Kenya’s Kaimenyi under pressure over failed laptop tender

Kenya’s Kaimenyi under pressure over failed laptop tender

Kenyan education secretary Professor Jacob Kaimenyi is under pressure to quit his job following the fallout of a controversial school laptop tender.

This week Kenya’s Public Procurement Administrative Review Board (PPARB) revoked a laptop tender that had been awarded to Indian firm Olive Telecommunications after PC-maker Hewlett Packard (HP) and Haier Group queried the procurement decision. Olive was initially awarded a contract to supply 1.3 million laptops at Ksh 24.5 billion.

Reasons for the cancellation of the contract; though, have included that Olive Telecommunications did not meet the requirement of being an Original Equipment Manufacturer (OEM) in Kenya and also that the Kenya’s education ministry over-inflated the laptop tender price. Olive also reportedly failed to meet a requirement that it has turnover of at least Ksh 8 billion per year.

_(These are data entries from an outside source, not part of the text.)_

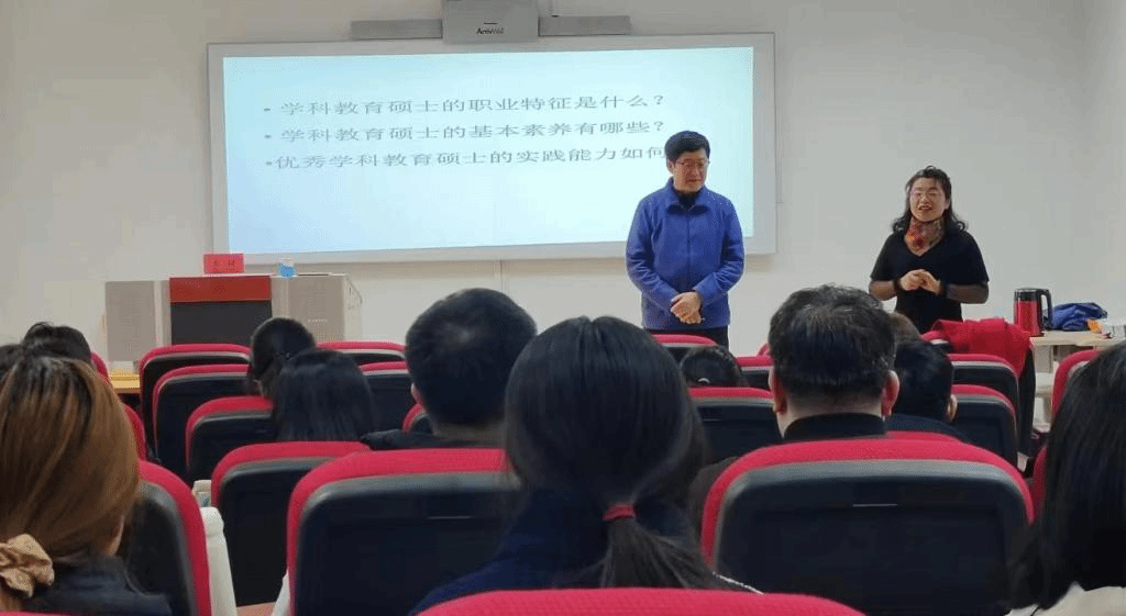 李群老师围绕“学科教育硕士的职业特征是什么、学科教育硕士的基本素养有哪些、优秀学科教育硕士的实践能力如何”三方面展详细阐释了作为一名现代教育硕士需要发展的标准和方向。
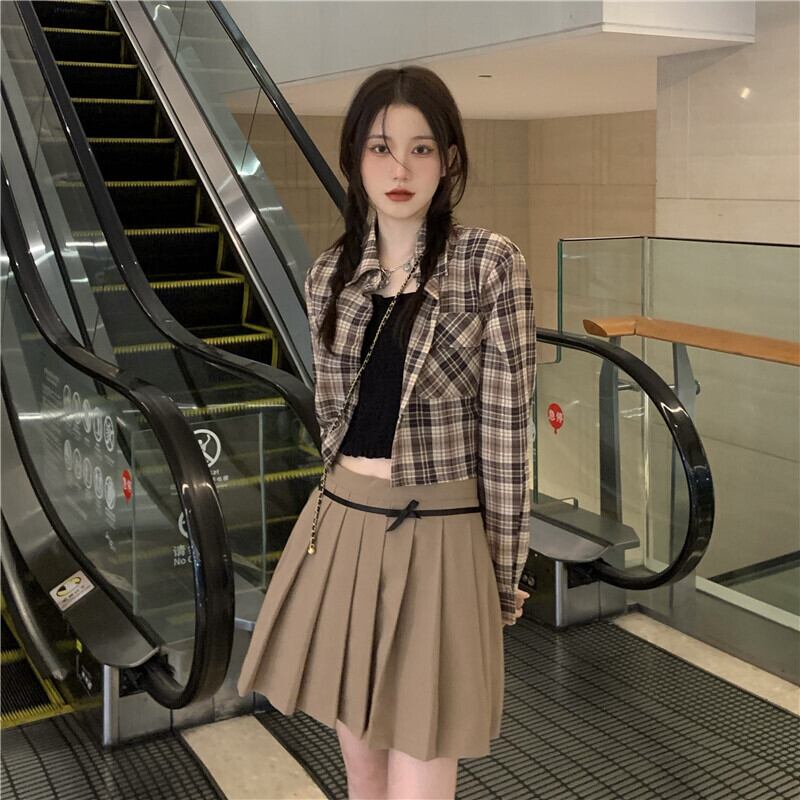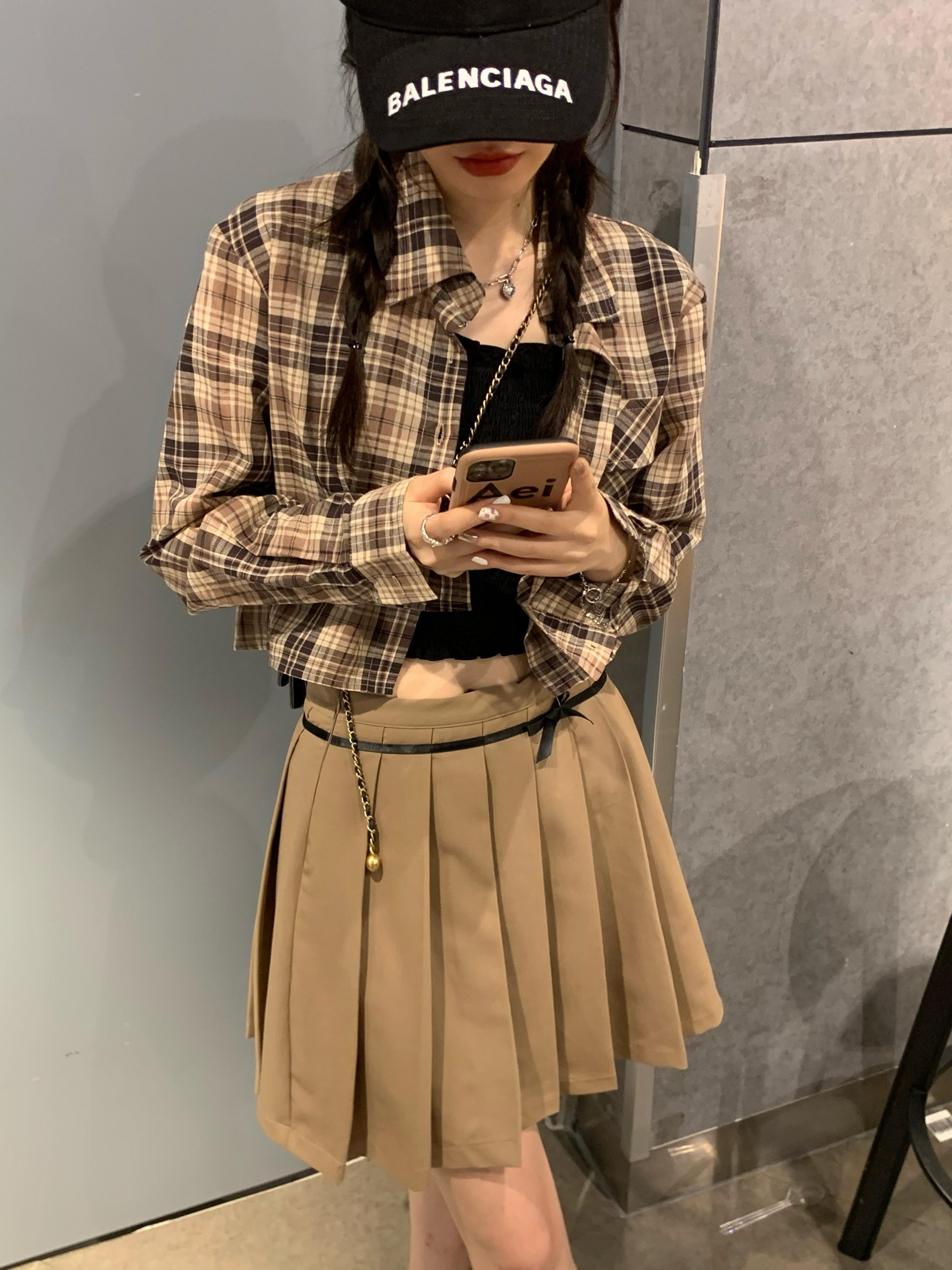 色:中のベスト,格子縞のシャツ,プリーツスカート
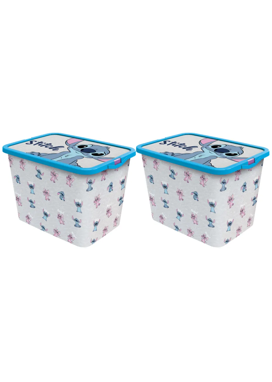 Keep your child’s room organised with this set of 2 23L Stitch Storage Boxes. Perfect for storing toys, clothes and other items, these plastic boxes come with a lid to keep everything neatly tucked away. Measuring 38cm in height, 28cm in length and 27cm in width, this blue box is ideal for children’s rooms and matches perfectly with Stitch themed décor. The storage box is made of durable plastic and features the Stitch alien. It is perfect for children who love Lilo & Stitch and need a place to keep their belongings. This versatile storage solution will help keep your child’s room clean and tidy, while also adding a touch of fun and playfulness to the room.
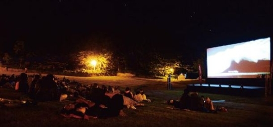 ▲ 관객들이 덕유산국립공원 대집회장에서 심야영화를 보고 있다.
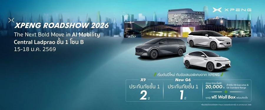 เอ็กซ์เผิง ประเทศไทย ผู้นำเข้าและจัดจำหน่ายยานยนต์ไฟฟ้าอัจฉริยะระดับพรีเมียม-ไฮเทค เอ็กซ์เผิง ภายใต้ บริษัท มิลเลนเนียม กรุ๊ป คอร์ปอเรชั่น (เอเชีย) จำกัด (มหาชน) หรือ MGC-ASIA คึกคักรับปีใหม่ เปิดตัวรถตู้ไฟฟ้าทรงสปอร์ตอัจฉริยะยอดนิยม สีพิเศษ X9 Executive Special Color Edition ประกาศความสำเร็จของ X9 ที่สามารถคว้ายอดจดทะเบียนสะสมอันดับ 1 กลุ่มรถตู้ไฟฟ้าของไทย ในช่วงครึ่งหลังของปี 2568 นอกจากนี้ยังยกทัพ เอ็กซ์เผิง มาครบทุกรุ่น พร้อมนโยบายตรึงราคาแม้โครงสร้างภาษีมีการเปลี่ยนแปลง ในงาน XPENG ROADSHOW 2026 ระหว่างวันที่ 15-18 มกราคม 2569 บริเวณชั้น 1 โซน B ที่ศูนย์การค้าเซ็นทรัล ลาดพร้าว
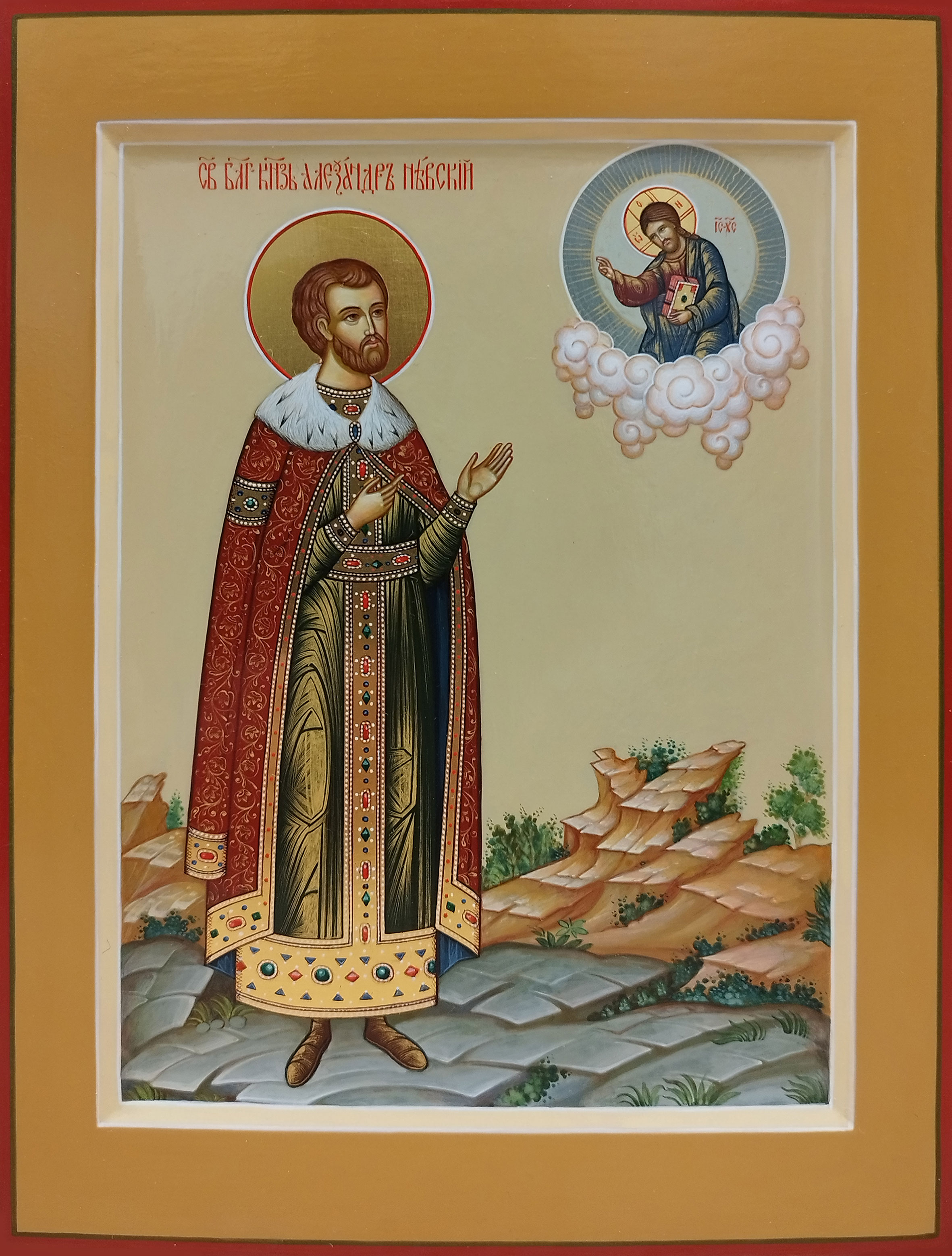 На ней изображены: святой Ангел Хранитель, святой мученик Михаил Черноризец, святой Александр Невски
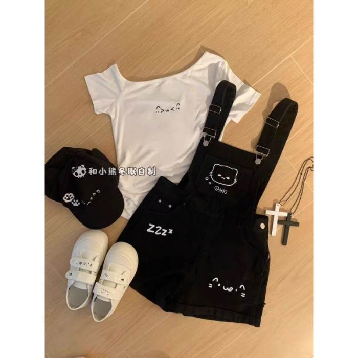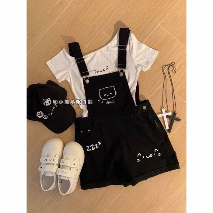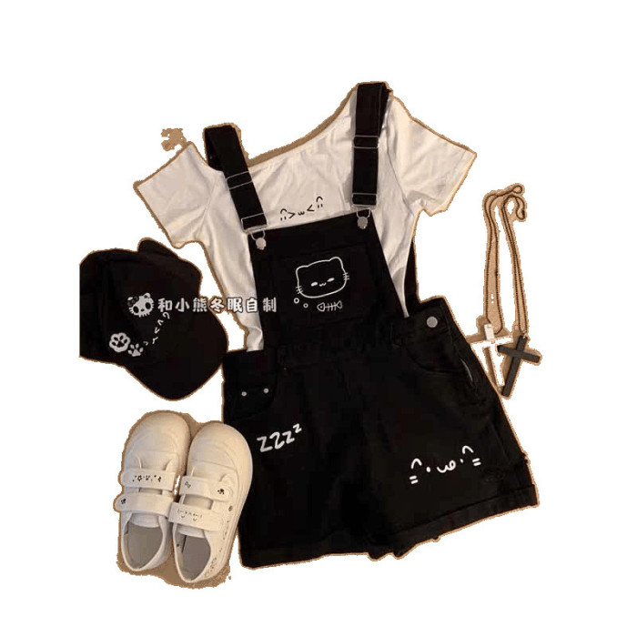 胖mm美式甜美可愛印花牛仔短褲女大碼夏新款高街百搭顯瘦背帶熱褲
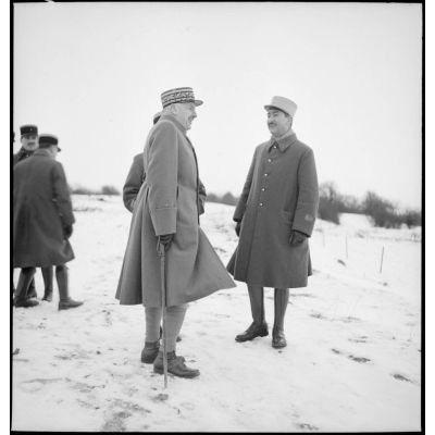 Général de corps d'armée de la 9e armée, en compagnie d'officiers d'état-major et d'un commandant d'une unité coloniale dans un décor enneigé.
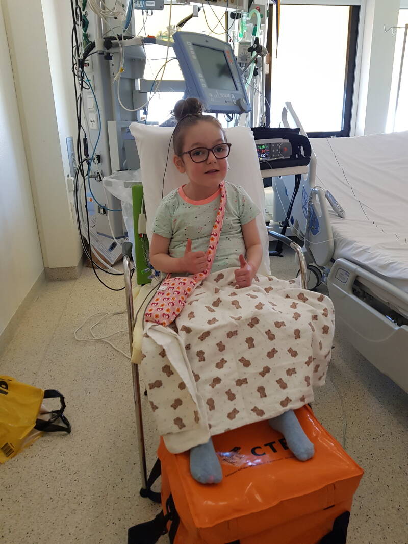 Op de foto kun je zien dat Nienke haar kastje in een schoudertasje bij zich draagt. Daar zit een mooi verhaal aan vast. Een week voor de geplande operatie belde HvdA(verpleegkundig specialist) ons via videobellen. Nienke was toen in het WKZ en had allerlei vragen voorbereid over haar opname. Tijdens het gesprek werden al haar vragen zo goed als mogelijk door hem beantwoord en ook vertelde hij dat hij een vriendin had die erg goed met de naaimachine overweg kon. Zij zou tasjes maken voor Nienke. Er zijn namelijk geen tasjes te krijgen voor de pacer maar ze heeft er zeker een nodig. Op het moment dat hij dit vertelde aan Nienke was ik zo ontroerd. Het liet mij zien dat Groningen Nienke als persoon, als meisje van 5 ziet. Ze is geen experiment, geen interessant geval maar een meisje die zij graag willen helpen. Dit raakte mij in mijn moederhart. Uiteraard zijn zij ook geïnteresseerd vanuit hun vakgebied maar de persoonlijke aandacht stond tijdens het gesprek centraal en daar ontbreekt het tijdens deze opname zeker niet aan. Op de labels van de tasjes (ze heeft er twee) staat 'Oma Baukje'. Ik ken Oma Baukje niet en Oma Baukje kent ons niet maar: Oma Baukje, mocht je dit ooit lezen, heel erg bedankt voor de prachtige tasjes voor Nienke. Ze is er heel wijs mee en gaat ze zeker vaak gebruiken.
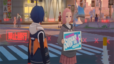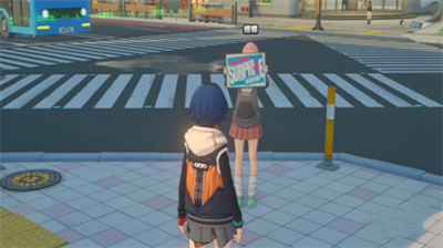 2、接着在三角人行道等待区域找到手持牌子的NPC提娜进行交谈。
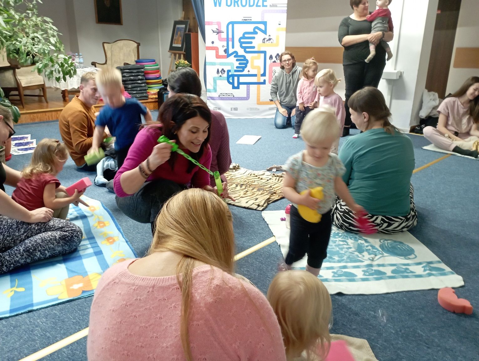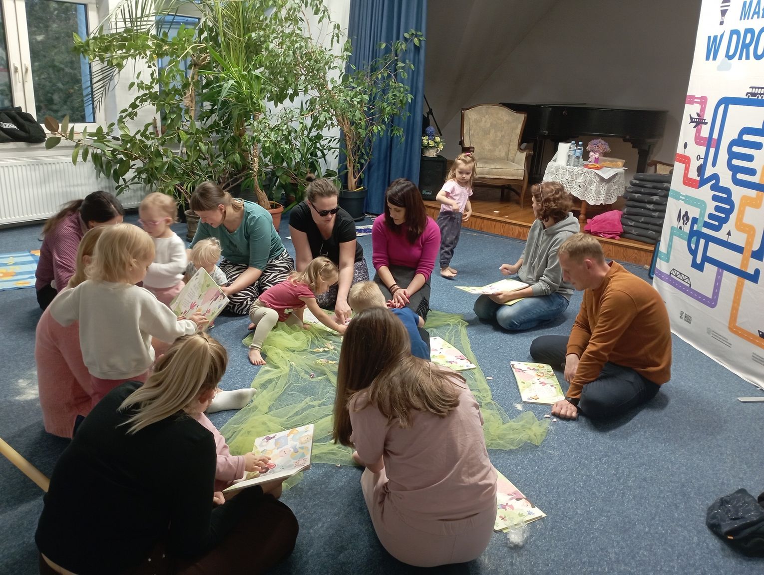 Warsztaty „Mała książka w drodze” stały się przestrzenią spotkania rodziców, wymiany doświadczeń i inspiracji. Uczestnicy mogli spróbować różnych technik czytania – od głośnego i ekspresyjnego po delikatne, kojące, wspierające rozwój zmysłów.
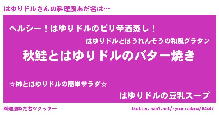 | ヒーロー風カッコイイあだ名 | 『ネオハユリドル』『最強戦士ハユリドル』 |
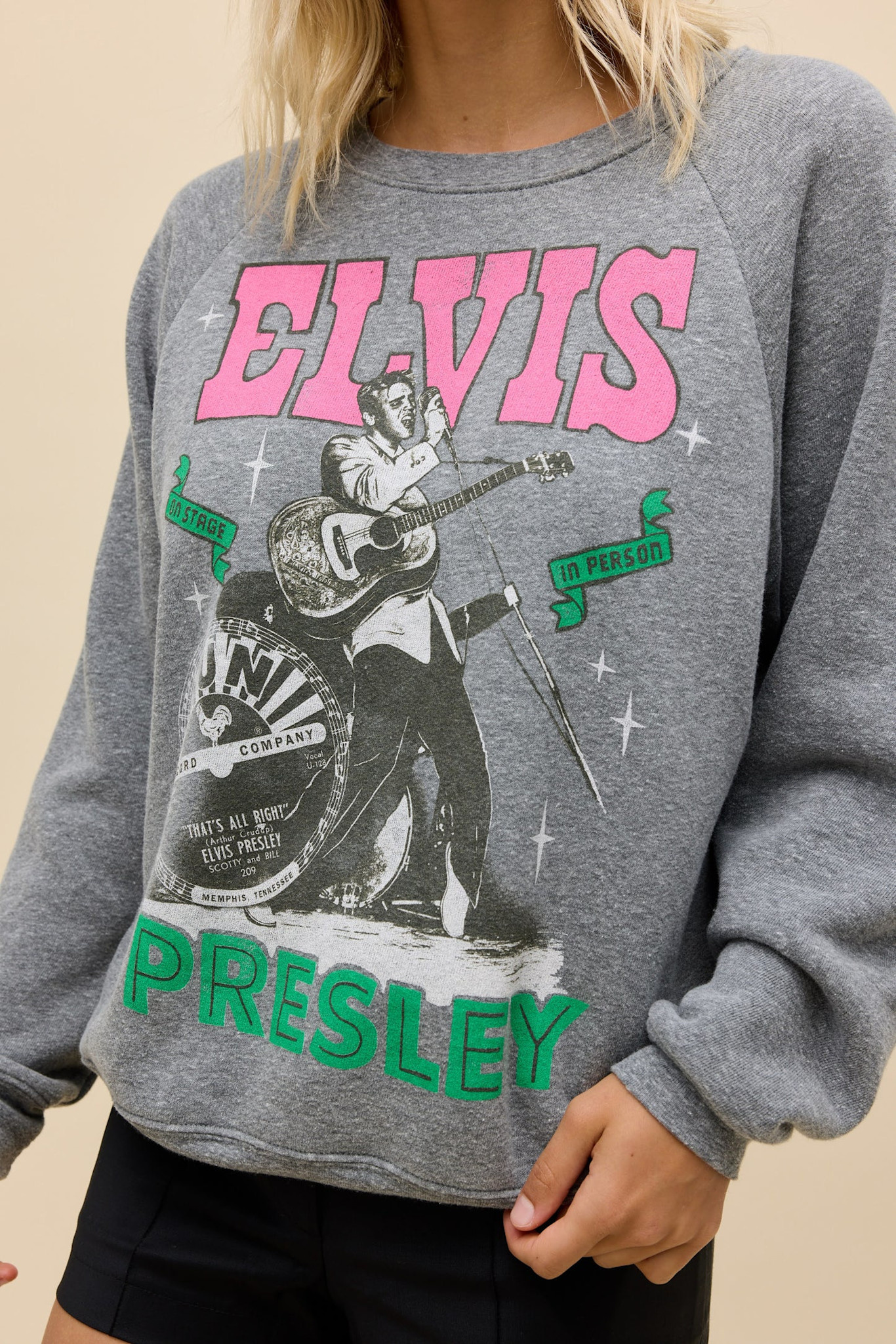 This multi-colored Vintage Raglan Sweatshirt is designed with an Elvis Presley graphic paying homage to the full personality performer. Slapped with the Sun Records label logo.
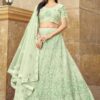 Beige embroidered net party wear lehenga choli made with mirror, thread & sequins work. Comes with matching choli and dupatta.
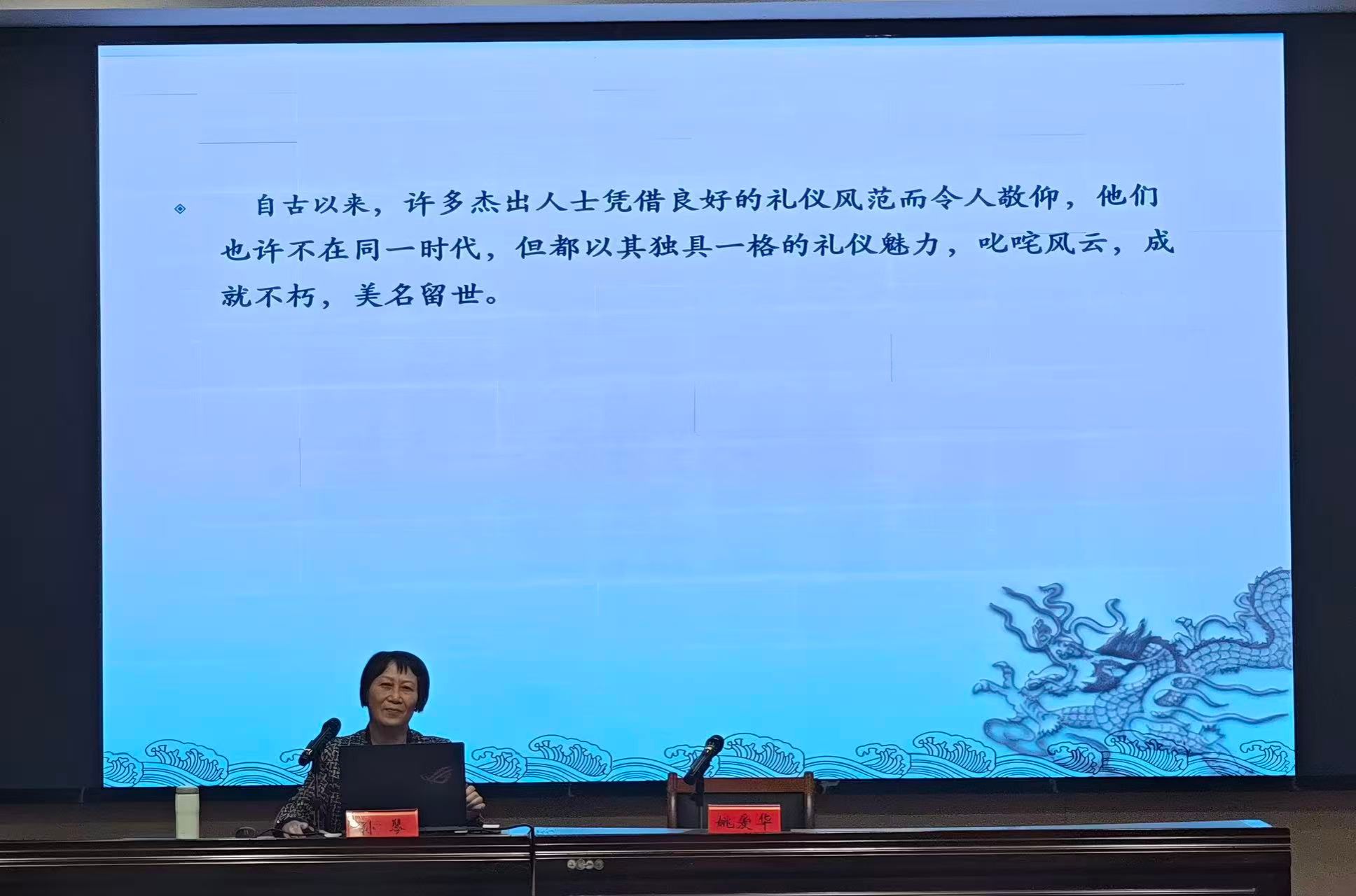孙琴以老员工行为素养为主题,聚焦礼仪修养与立德树人的内在联系,深入阐释了“不学礼,无以立”这一古训的深刻内涵,系统剖析了礼仪在价值导向、人格塑造以及社会交往中的重要作用。她提醒全体新生,应在老员工活中不断强化自我约束与行为规范意识,注重仪容仪表与言行举止,自觉遵守校纪校规,树立新时代老员工良好形象。

Members of Kenya’s parliament have asked for Kaimenyi to resign, but he has shifted blame for the laptop procurment blunder onto members of the tender committee.

Kaimenyi told a media briefing in Kenya on Thursday that if an internal investigation finds that the committee provided ill-advice on the contract, then those members are planned to be sacked.

“I don’t see justification in someone asking for my resignation; however if anyone has evidence that I benefited from the tendering I am prepared to be taken to court,” Kaimenyi told reporters.

“I don’t sit in the tendering committee and we relied on the information provided by the ministerial tendering committee members who are the experts,” he said.

Meanwhile, Kenya’s education, science and technology parliamentary committee has said it is preparing a motion to censure the minister for withholding information on the procurement.